А Борис Захарович, видно не на шутку увлеченный ярцевским изобретением, рассказывал, что будет, если сейчас его поддержат. Ведь это совершенно новая идея! Ничего похожего никто не придумывал. Конечно, аккумуляторы Ярцева пока еще находятся в младенческом возрасте, а потому нередко доставляют неприятности. И не только Ярцеву, по и Дерябину, даже Нюре. Сколько времени она отдала их воспитанию!

– Да, да… воспитанию, – подтвердил свою мысль Борис Захарович. – Мне Ярцев говорил, что никогда еще не встречал таких полезных и интересных выводов, которые вы присылали ему в протоколах.
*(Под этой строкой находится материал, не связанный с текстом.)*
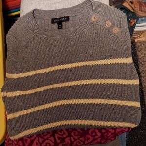 Banana Republic Women's Sweater in Gray and Cream Stripes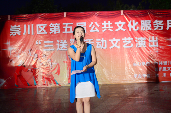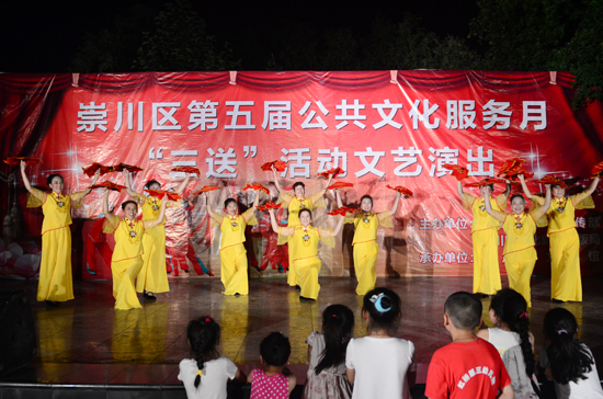 由崇川区区委宣传部和崇川区文化新闻出版局承办,我馆主办的第三届公共文化服务月“三送”文艺演出活动走进虹桥街道,上图为送演出时的场景。

При выпуске последней партии он учел многие ваши замечания.

Прощаясь, он еще раз крепко пожал руку Нюре и предупредил:

– Только покорнейшая просьба, не говорите об этом Серафиму Михайловичу. При такой огромной мощности ярцевские аккумуляторы не могут быть легче обычных, они, конечно, потяжелей. А Поярков за каждый лишний грамм мне скандалы устраивает. Побережем его нервы, Договорились?

Что Нюра могла ответить? Значит, так нужно. Но зачем Борис Захарович связал ее словом? Неужели она должна таиться? А вдруг Серафим Михайлович спросит? Что тогда? Лгать?

– Но ведь он заметит? – выдавила из себя Нюра.

– Ни аккумуляторами, ни аппаратурой он не интересуется, целиком полагаясь на меня. Да вы не беспокойтесь, у нас здесь особые счеты.

Хоть и был у Нюры серьезный урок, когда она оказалась слишком доверчивой, но разве можно не верить Борису Захаровичу? И все же чувствовала она себя отвратительно. Неужели люди не понимают, что не все могут лгать, прямо смотря в глаза?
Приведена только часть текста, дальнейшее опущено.